Problem requirements: Every line of the data below should be repeated exactly, and no picture should be copied.

[Collected data]
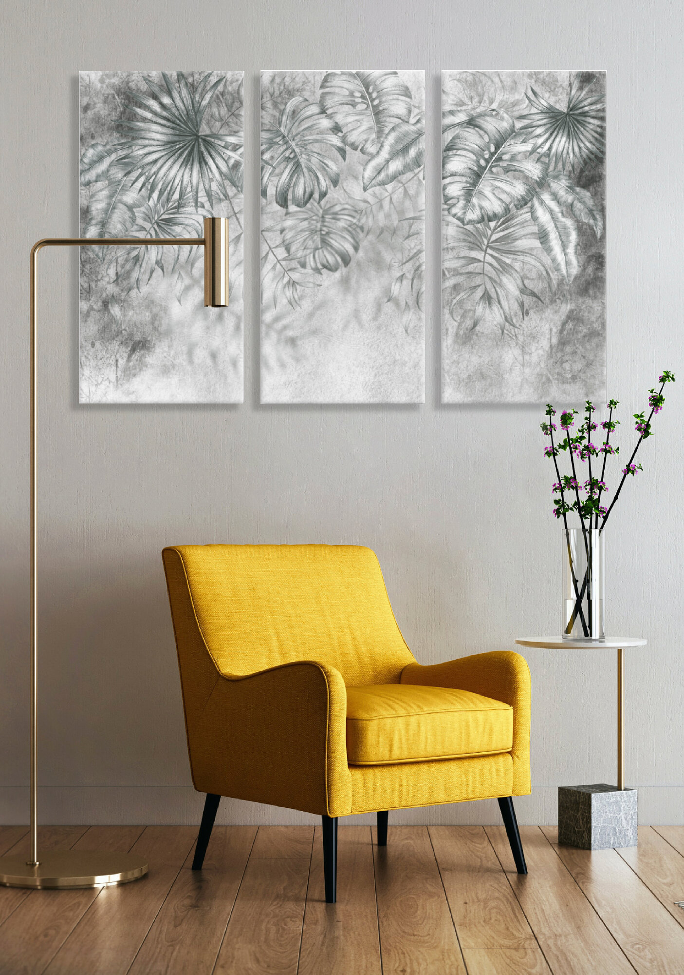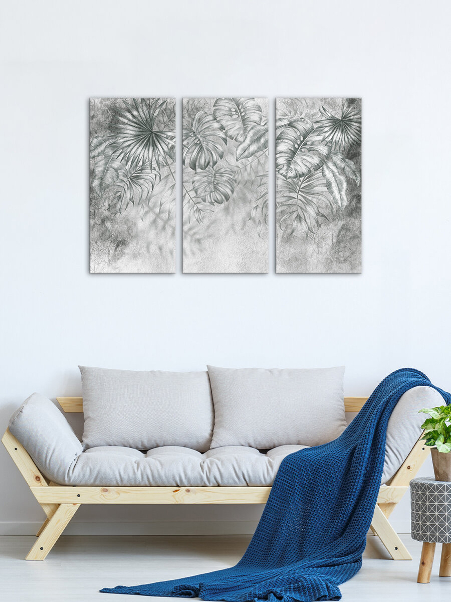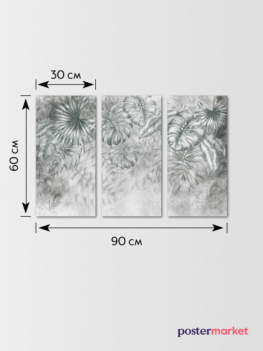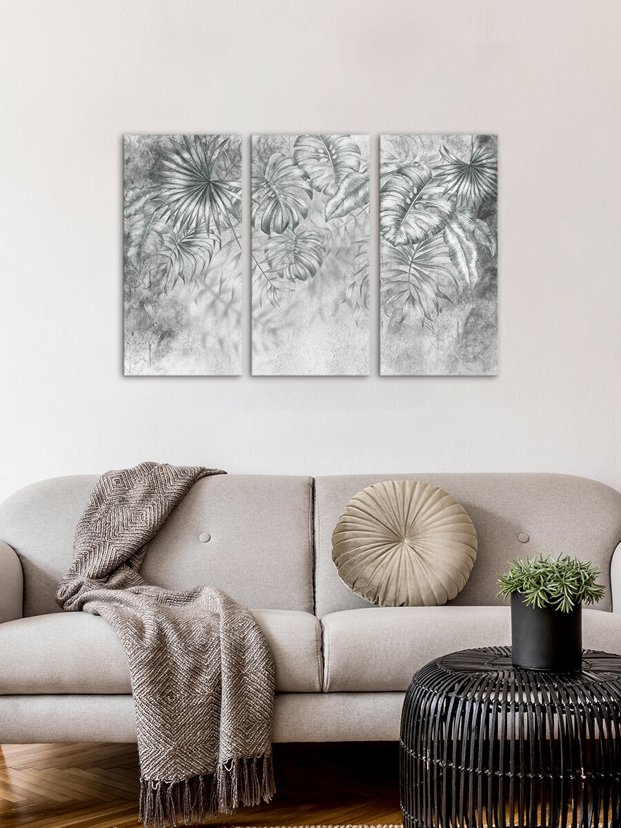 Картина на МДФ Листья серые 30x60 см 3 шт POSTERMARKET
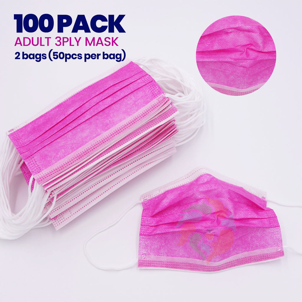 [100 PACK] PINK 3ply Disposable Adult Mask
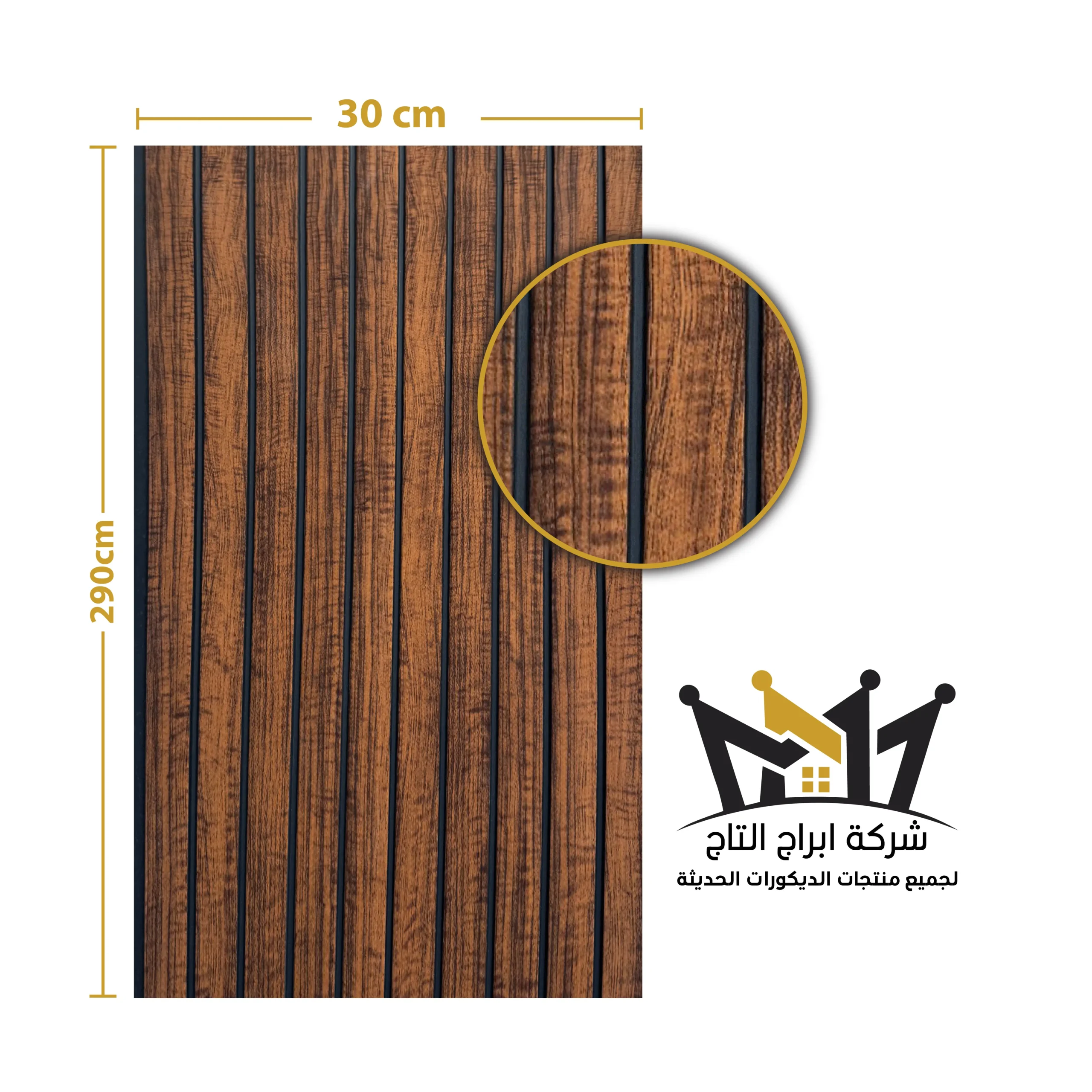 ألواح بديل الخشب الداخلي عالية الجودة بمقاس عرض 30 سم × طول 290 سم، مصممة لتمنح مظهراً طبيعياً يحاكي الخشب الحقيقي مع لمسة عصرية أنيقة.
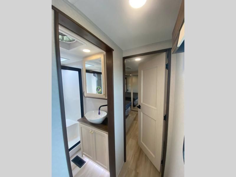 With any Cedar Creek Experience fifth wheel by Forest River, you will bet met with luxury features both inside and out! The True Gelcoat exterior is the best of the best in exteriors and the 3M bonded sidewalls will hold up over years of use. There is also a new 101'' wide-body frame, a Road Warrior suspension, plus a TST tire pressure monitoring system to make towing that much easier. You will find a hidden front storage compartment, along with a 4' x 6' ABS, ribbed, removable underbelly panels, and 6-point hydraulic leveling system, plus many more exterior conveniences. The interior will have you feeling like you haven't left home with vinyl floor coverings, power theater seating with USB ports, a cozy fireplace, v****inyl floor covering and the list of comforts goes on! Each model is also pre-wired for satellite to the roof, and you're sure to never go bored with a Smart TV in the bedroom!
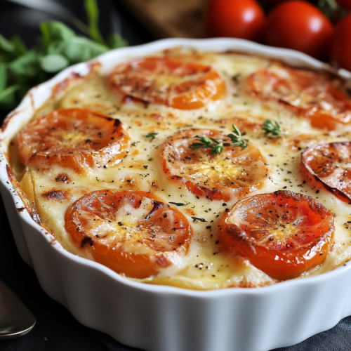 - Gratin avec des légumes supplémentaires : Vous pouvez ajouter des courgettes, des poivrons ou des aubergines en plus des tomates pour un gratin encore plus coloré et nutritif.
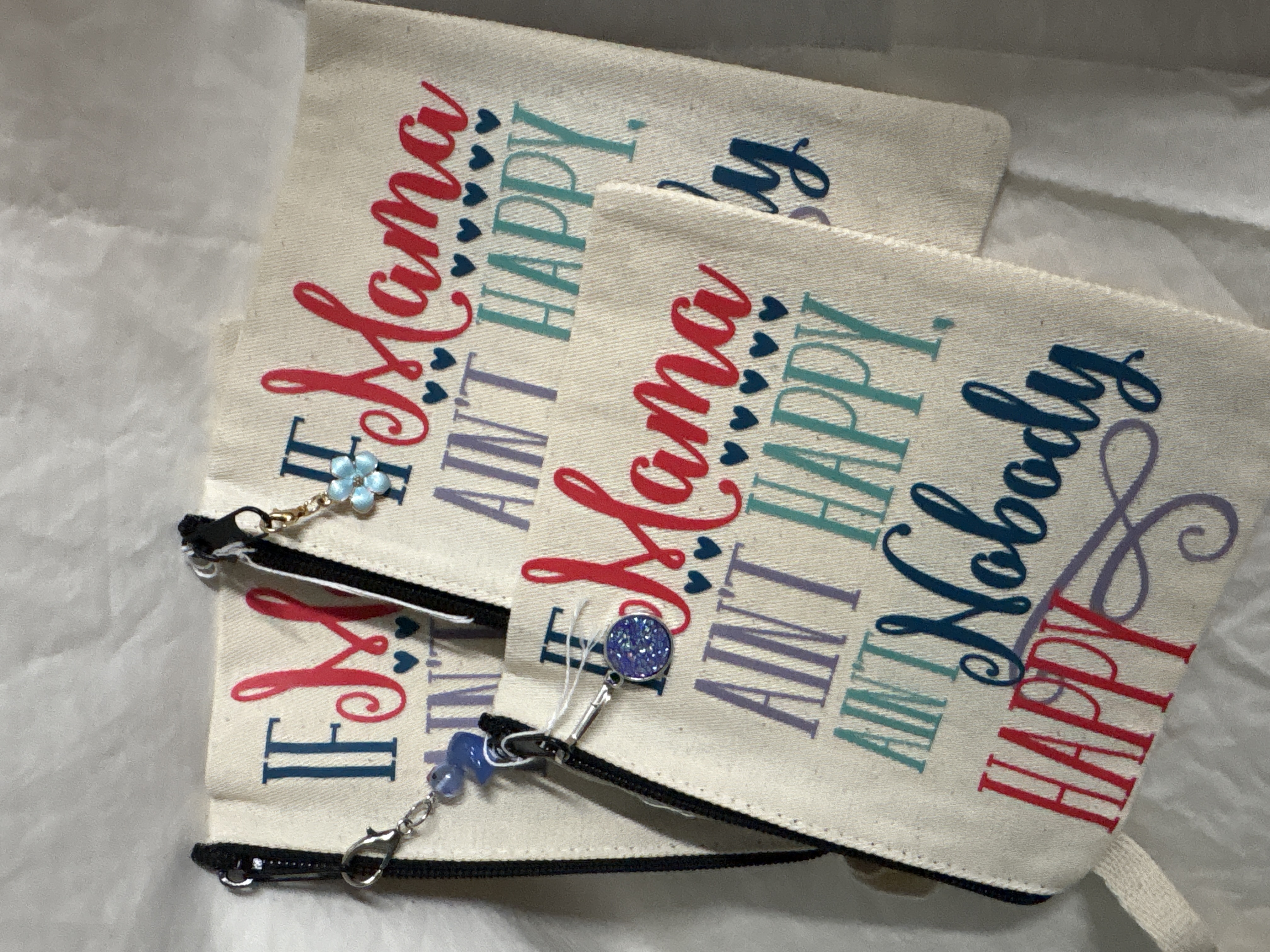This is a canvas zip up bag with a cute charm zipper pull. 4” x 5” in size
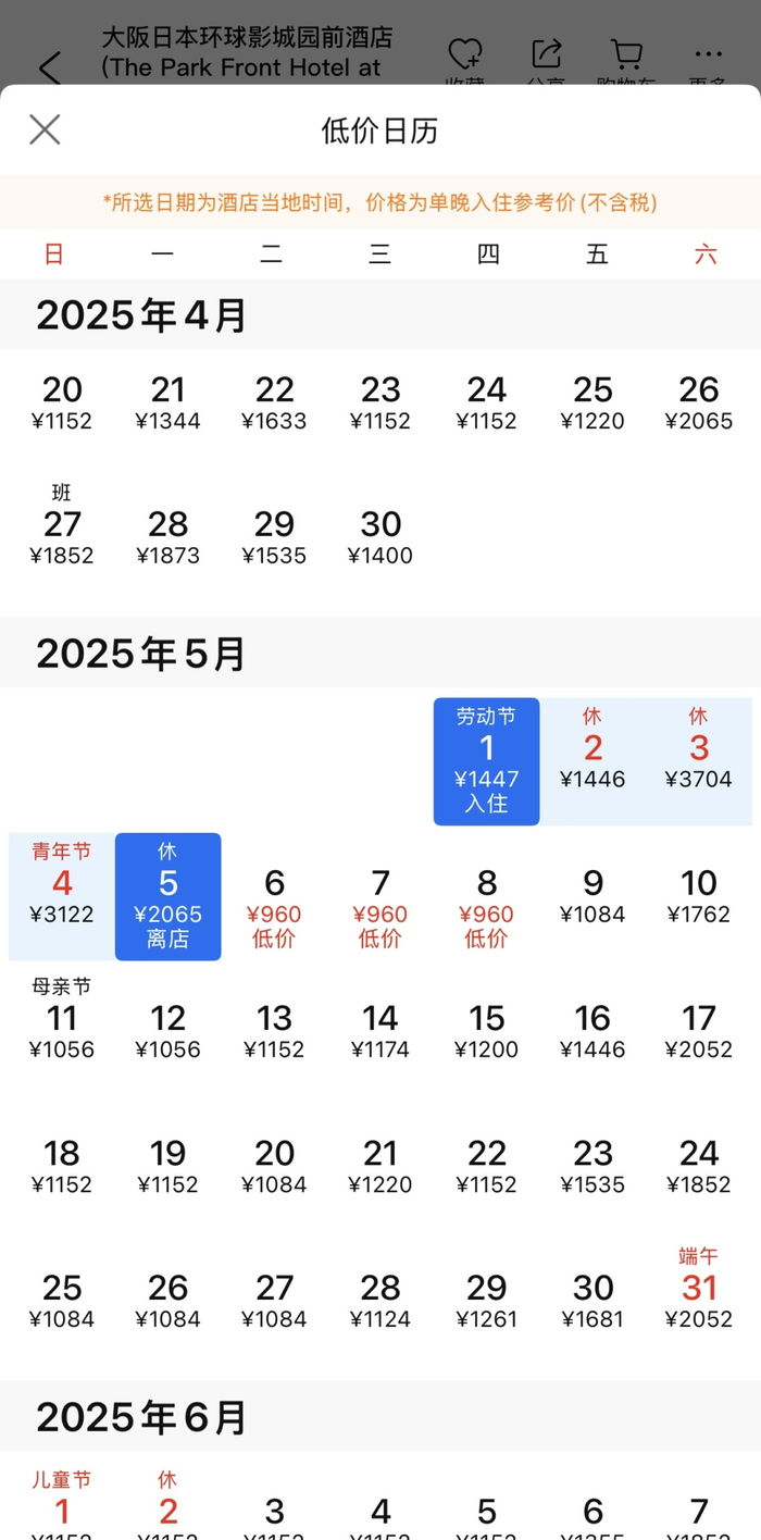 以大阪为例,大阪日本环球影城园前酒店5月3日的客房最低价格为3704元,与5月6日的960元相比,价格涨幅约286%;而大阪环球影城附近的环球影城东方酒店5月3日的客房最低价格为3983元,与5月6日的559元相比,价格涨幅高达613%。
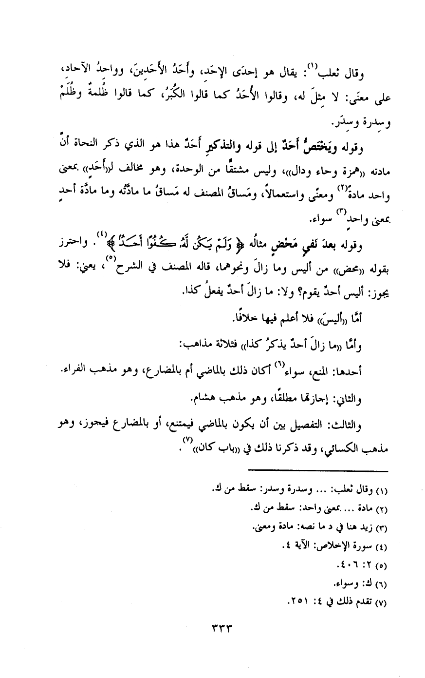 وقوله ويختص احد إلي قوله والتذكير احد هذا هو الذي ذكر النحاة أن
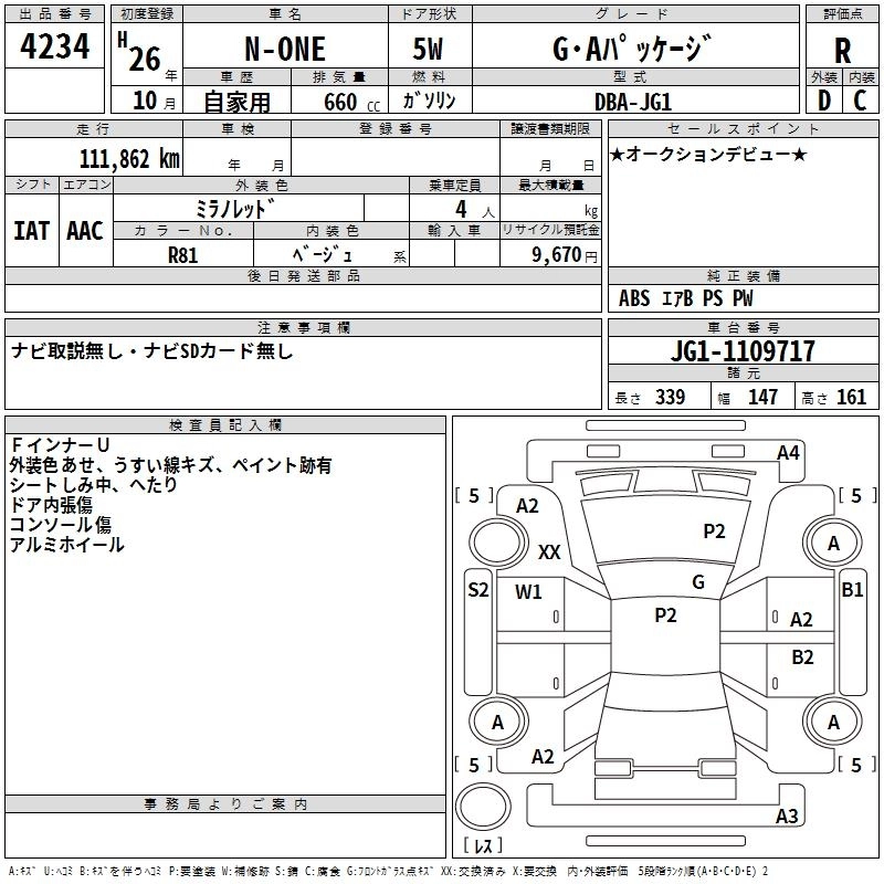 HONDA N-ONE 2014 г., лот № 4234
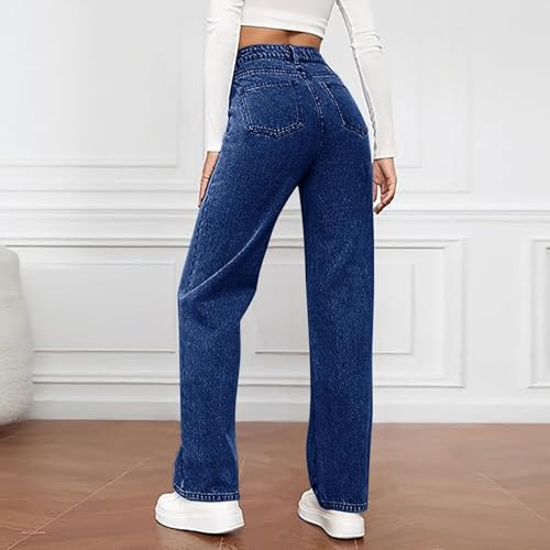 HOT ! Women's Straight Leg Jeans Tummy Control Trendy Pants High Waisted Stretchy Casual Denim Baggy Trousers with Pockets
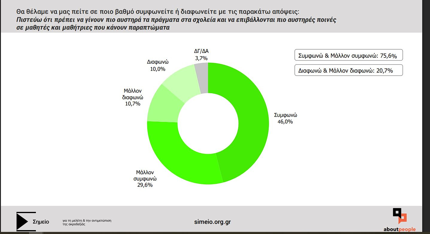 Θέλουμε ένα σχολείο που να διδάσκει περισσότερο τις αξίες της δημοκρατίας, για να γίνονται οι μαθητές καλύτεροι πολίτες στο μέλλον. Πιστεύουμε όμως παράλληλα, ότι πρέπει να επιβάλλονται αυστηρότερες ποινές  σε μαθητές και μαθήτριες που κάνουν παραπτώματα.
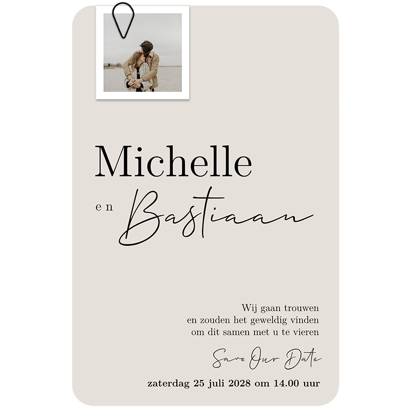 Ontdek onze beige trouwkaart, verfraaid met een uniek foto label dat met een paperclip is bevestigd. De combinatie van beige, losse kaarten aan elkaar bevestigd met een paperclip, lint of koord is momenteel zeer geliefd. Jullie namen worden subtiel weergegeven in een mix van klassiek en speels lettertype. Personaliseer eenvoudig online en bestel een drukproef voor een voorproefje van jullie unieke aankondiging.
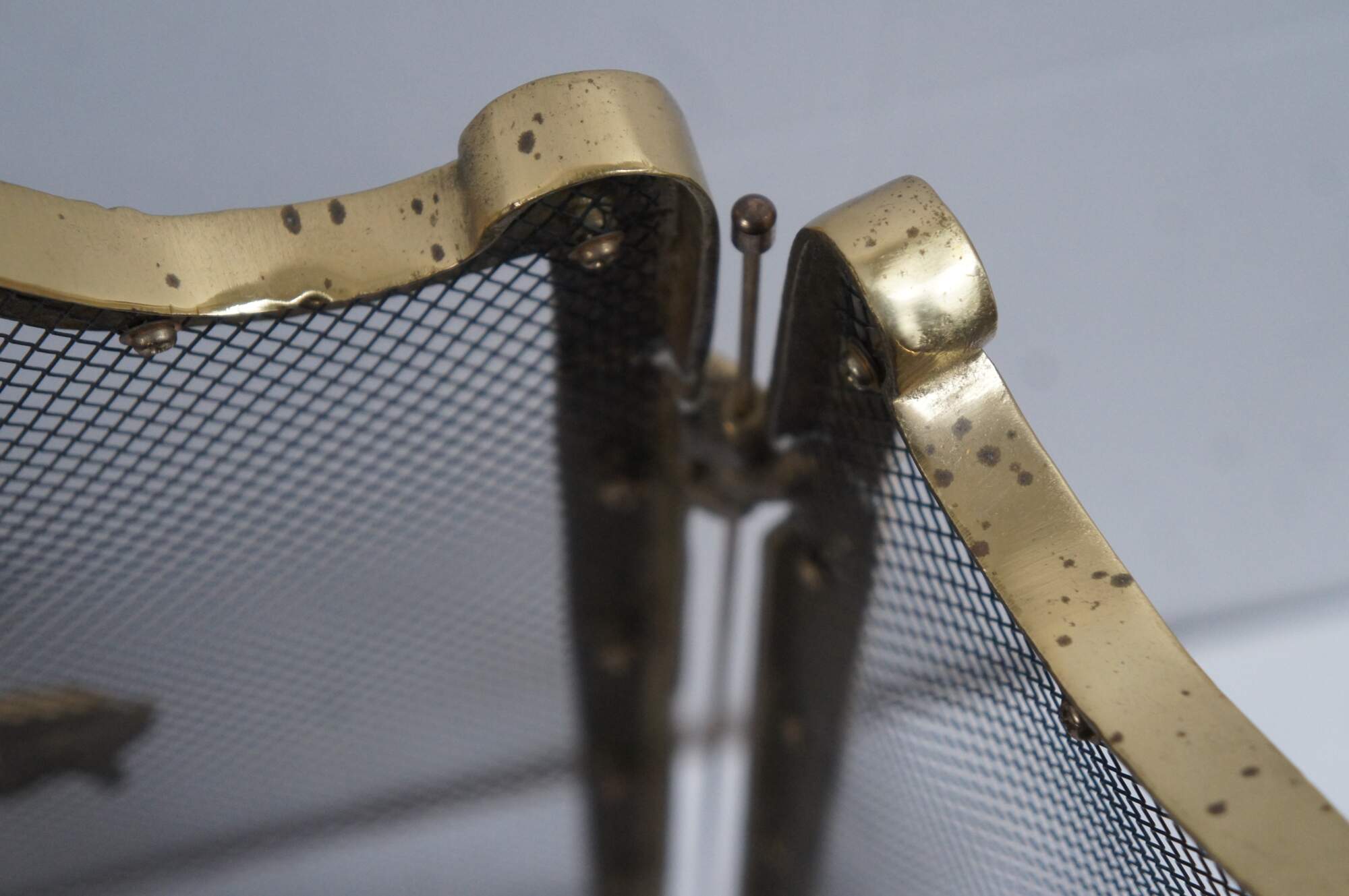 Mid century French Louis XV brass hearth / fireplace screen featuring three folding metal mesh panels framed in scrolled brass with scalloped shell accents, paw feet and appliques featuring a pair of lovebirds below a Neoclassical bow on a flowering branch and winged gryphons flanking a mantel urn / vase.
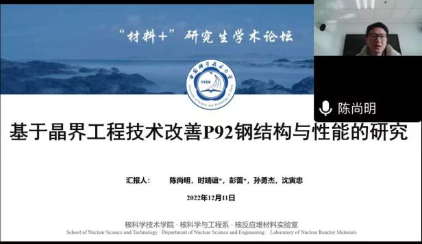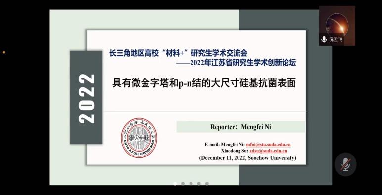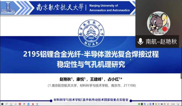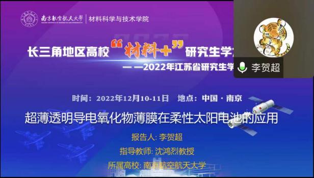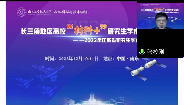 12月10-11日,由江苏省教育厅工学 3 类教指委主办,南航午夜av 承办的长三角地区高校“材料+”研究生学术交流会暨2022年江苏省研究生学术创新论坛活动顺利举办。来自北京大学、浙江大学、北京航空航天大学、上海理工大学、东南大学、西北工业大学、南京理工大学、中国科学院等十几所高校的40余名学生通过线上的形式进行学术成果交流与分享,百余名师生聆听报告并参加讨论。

Result below:
 Картина на МДФ Листья серые 30x60 см 3 шт POSTERMARKET
 [100 PACK] PINK 3ply Disposable Adult Mask
 ألواح بديل الخشب الداخلي عالية الجودة بمقاس عرض 30 سم × طول 290 سم، مصممة لتمنح مظهراً طبيعياً يحاكي الخشب الحقيقي مع لمسة عصرية أنيقة.
 With any Cedar Creek Experience fifth wheel by Forest River, you will bet met with luxury features both inside and out! The True Gelcoat exterior is the best of the best in exteriors and the 3M bonded sidewalls will hold up over years of use. There is also a new 101'' wide-body frame, a Road Warrior suspension, plus a TST tire pressure monitoring system to make towing that much easier. You will find a hidden front storage compartment, along with a 4' x 6' ABS, ribbed, removable underbelly panels, and 6-point hydraulic leveling system, plus many more exterior conveniences. The interior will have you feeling like you haven't left home with vinyl floor coverings, power theater seating with USB ports, a cozy fireplace, v****inyl floor covering and the list of comforts goes on! Each model is also pre-wired for satellite to the roof, and you're sure to never go bored with a Smart TV in the bedroom!
 - Gratin avec des légumes supplémentaires : Vous pouvez ajouter des courgettes, des poivrons ou des aubergines en plus des tomates pour un gratin encore plus coloré et nutritif.
This is a canvas zip up bag with a cute charm zipper pull. 4” x 5” in size
 以大阪为例,大阪日本环球影城园前酒店5月3日的客房最低价格为3704元,与5月6日的960元相比,价格涨幅约286%;而大阪环球影城附近的环球影城东方酒店5月3日的客房最低价格为3983元,与5月6日的559元相比,价格涨幅高达613%。
 وقوله ويختص احد إلي قوله والتذكير احد هذا هو الذي ذكر النحاة أن
 HONDA N-ONE 2014 г., лот № 4234
 HOT ! Women's Straight Leg Jeans Tummy Control Trendy Pants High Waisted Stretchy Casual Denim Baggy Trousers with Pockets
 Θέλουμε ένα σχολείο που να διδάσκει περισσότερο τις αξίες της δημοκρατίας, για να γίνονται οι μαθητές καλύτεροι πολίτες στο μέλλον. Πιστεύουμε όμως παράλληλα, ότι πρέπει να επιβάλλονται αυστηρότερες ποινές  σε μαθητές και μαθήτριες που κάνουν παραπτώματα.
 Ontdek onze beige trouwkaart, verfraaid met een uniek foto label dat met een paperclip is bevestigd. De combinatie van beige, losse kaarten aan elkaar bevestigd met een paperclip, lint of koord is momenteel zeer geliefd. Jullie namen worden subtiel weergegeven in een mix van klassiek en speels lettertype. Personaliseer eenvoudig online en bestel een drukproef voor een voorproefje van jullie unieke aankondiging.
 Mid century French Louis XV brass hearth / fireplace screen featuring three folding metal mesh panels framed in scrolled brass with scalloped shell accents, paw feet and appliques featuring a pair of lovebirds below a Neoclassical bow on a flowering branch and winged gryphons flanking a mantel urn / vase.
 12月10-11日,由江苏省教育厅工学 3 类教指委主办,南航午夜av 承办的长三角地区高校“材料+”研究生学术交流会暨2022年江苏省研究生学术创新论坛活动顺利举办。来自北京大学、浙江大学、北京航空航天大学、上海理工大学、东南大学、西北工业大学、南京理工大学、中国科学院等十几所高校的40余名学生通过线上的形式进行学术成果交流与分享,百余名师生聆听报告并参加讨论。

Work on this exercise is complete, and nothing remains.